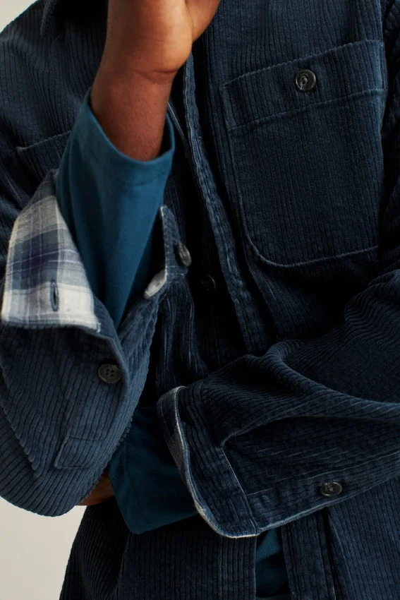 Un hybride chemise/veste en velours côtelé doux. La flanelle aux poignets et au col ajoute une touche de style supplémentaire.
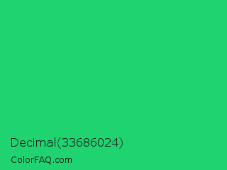 Decimal 33686024 Color is a normal green color and the nearest color is UFO Green #3cd070. Hex code #1ed370 and RGB value is rgb(30,211,112). In RGB color space, this color is composed of 12% red, 83% green, 44% blue, In CMYK color space, this color is composed of 86% cyan, 0% magenta, 47% yellow , 17% black , In HSL color space, this color has a hue angle of 147° , 75% saturation and 47% lightness.
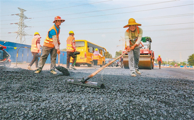 日前,在洋浦經(jīng)濟(jì)開發(fā)區(qū)疏港大道二期工程項目現(xiàn)場,施工人員加緊施工。該工程部分路段已經(jīng)進(jìn)入瀝青鋪設(shè)階段。
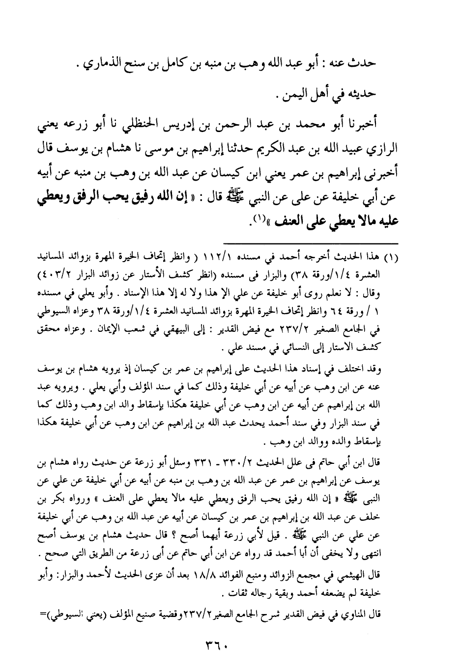 أخبرنا أبو محمد بن عبد الرحمن بن إدريس الحنظلي ، حَدَّثنا أبو زُرْعَة ، يَعني الرازي عبيد الله بن عبد الكريم حدثنا إبراهيم بن موسى ، حَدَّثنا هشام بن يوسف قال أخبرني إبراهيم بن عُمَر ، يَعنِي ابن كيسان عن عبد الله بن وَهب بن منبه ، عَن أبيه عن أبي خليفة عن علي عن النبي صلى الله عليه وسلم قال : إن الله رفيق يحب الرفق ويعطي عليه مالا يعطي على العنف.
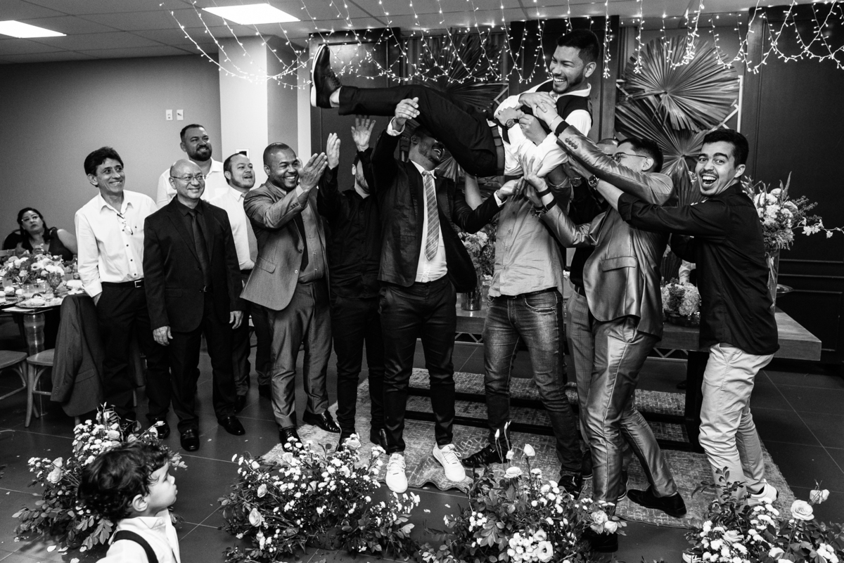 Depois de toda essa cerimônia linda, fizemos um mini ensaio no hall de entrada do hotel. Denise e Paulo receberam os cumprimentos dos convidados e comemoraram bastante junto com seus padrinhos e familiares.
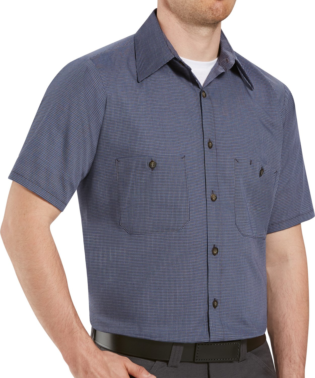 Show off your professional side with a touch of style in the Red Kap Men's Microcheck Uniform Work Shirt. Made from 65% polyester and 35% cotton poplin, this shirt offers durability and comfort, while the moisture-wicking finish helps keep you dry and cool. Plus, the Touchtexâ„¢ technology delivers color retention.
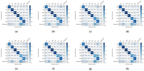 Confusion matrices of different models: (a) TFDP-SANet, (b) Faster R-CNN, (c) RetinaNet, (d) YOLOv3, (e) FCOS, (f) Dynamic R-CNN, (g) DAB-DETR, (h) Conditional-DETR.
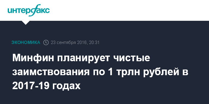 Минфин планирует чистые заимствования по 1 трлн рублей в 2017-19 годах
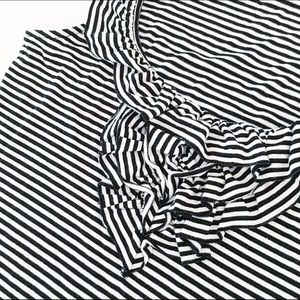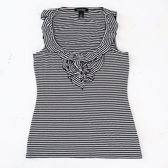 << White House Black Market Stripe Sleeveless Top! >> This stretchy and soft top features a cute, classy ruffle neckline and a flattering cut! Great condition - only worn a few times! ๐
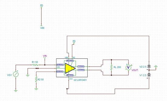 1、从官网提供的仿真实例来看,VCC和VEE分别加5V和0V,而datasheet上写的是加±2.5V,我将实例改为±2.5V,不能仿真出正确结果。请问咋回事?芯片到底加多少伏电压?
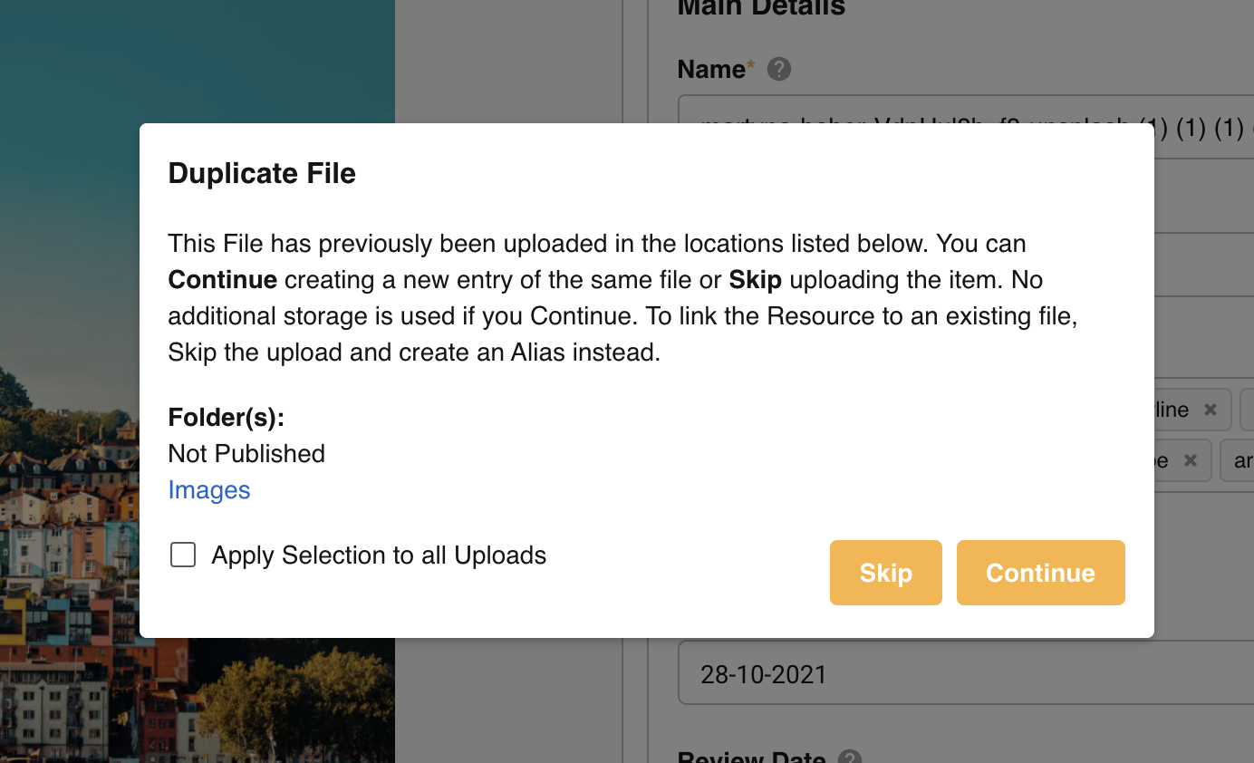 Additionally, there's a checkbox option to Apply Selection to all Uploads. If selected, once you click Continue or Skip, your selection will apply to all other Duplicates detected in your current Upload request. Note that if you add new files and these are duplicates, you will be able to choose which option you would prefer again.
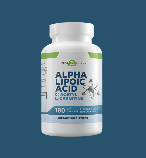 Alpha Lipoic Acid with Acetyl L-Carnitine combines two powerful compounds that support antioxidant defenses, promote healthy nerve function, and help maintain blood glucose metabolism within a normal range. Alpha-Lipoic Acid has been shown to enhance nerve conduction, protect nerves from damage, and reduce symptoms such as pain, tingling, and prickling in the extremities. Research indicates ALA supports blood glucose regulation and improves insulin sensitivity. Acetyl L-Carnitine has demonstrated benefits in alleviating neuropathic pain and aiding nerve fiber regeneration in individuals with peripheral and diabetic neuropathy. 180 count - Capsules.
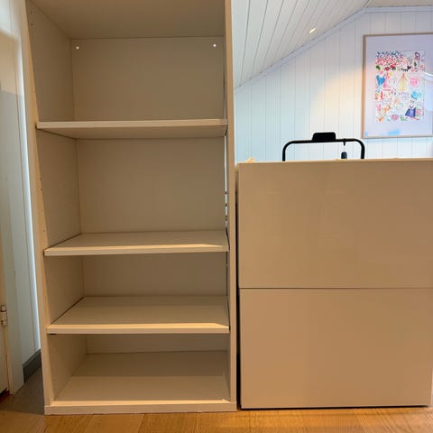 Romslig seksjon satt sammen av BESTÅ-moduler fra IKEA. Her kan det oppbevares MYE. Seksjonen består totalt av 7 deler med både hyller, skuffer og skapdører som er både hvite og i glass. De to skapdørene med sort/hvitt blomstermønster er av glass og mønsteret er et stoff bak glasset som lett kan fjernes. Ønsker man flere/eller andre dører kan man supplere med nye fra IKEA. Seksjonen er noen år og den hvite fargen har nok gulnet noe, men ellers er den i god stand. Selges pga flytting.
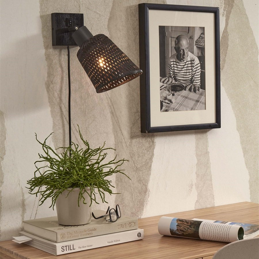 The sturdy bamboo structure guarantees a optimal durability , while the handcrafted braiding creates a refined shadow play on your walls. Its integrated switch on the wall plate and its 2.5 m black textile cable ensure simple installation and practical everyday use.
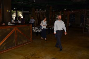 2015年8月26日,以色列客商來到邯鄲高科園區調研,區黨工委書記、管委會主任喬朝英陪同調研。 客商一行人來到園區DCT創客空間,邯鄲高科負責人向他們介紹了創客咖啡的結構設計理念,客商

=====

→ Task item: Please print the lines above word for word, starting at the one with "<< White House" and ending at the one with "The sturdy bamboo", both included, and without any picture.

→ Result:
 << White House Black Market Stripe Sleeveless Top! >> This stretchy and soft top features a cute, classy ruffle neckline and a flattering cut! Great condition - only worn a few times! ๐
 1、从官网提供的仿真实例来看,VCC和VEE分别加5V和0V,而datasheet上写的是加±2.5V,我将实例改为±2.5V,不能仿真出正确结果。请问咋回事?芯片到底加多少伏电压?
 Additionally, there's a checkbox option to Apply Selection to all Uploads. If selected, once you click Continue or Skip, your selection will apply to all other Duplicates detected in your current Upload request. Note that if you add new files and these are duplicates, you will be able to choose which option you would prefer again.
 Alpha Lipoic Acid with Acetyl L-Carnitine combines two powerful compounds that support antioxidant defenses, promote healthy nerve function, and help maintain blood glucose metabolism within a normal range. Alpha-Lipoic Acid has been shown to enhance nerve conduction, protect nerves from damage, and reduce symptoms such as pain, tingling, and prickling in the extremities. Research indicates ALA supports blood glucose regulation and improves insulin sensitivity. Acetyl L-Carnitine has demonstrated benefits in alleviating neuropathic pain and aiding nerve fiber regeneration in individuals with peripheral and diabetic neuropathy. 180 count - Capsules.
 Romslig seksjon satt sammen av BESTÅ-moduler fra IKEA. Her kan det oppbevares MYE. Seksjonen består totalt av 7 deler med både hyller, skuffer og skapdører som er både hvite og i glass. De to skapdørene med sort/hvitt blomstermønster er av glass og mønsteret er et stoff bak glasset som lett kan fjernes. Ønsker man flere/eller andre dører kan man supplere med nye fra IKEA. Seksjonen er noen år og den hvite fargen har nok gulnet noe, men ellers er den i god stand. Selges pga flytting.
 The sturdy bamboo structure guarantees a optimal durability , while the handcrafted braiding creates a refined shadow play on your walls. Its integrated switch on the wall plate and its 2.5 m black textile cable ensure simple installation and practical everyday use.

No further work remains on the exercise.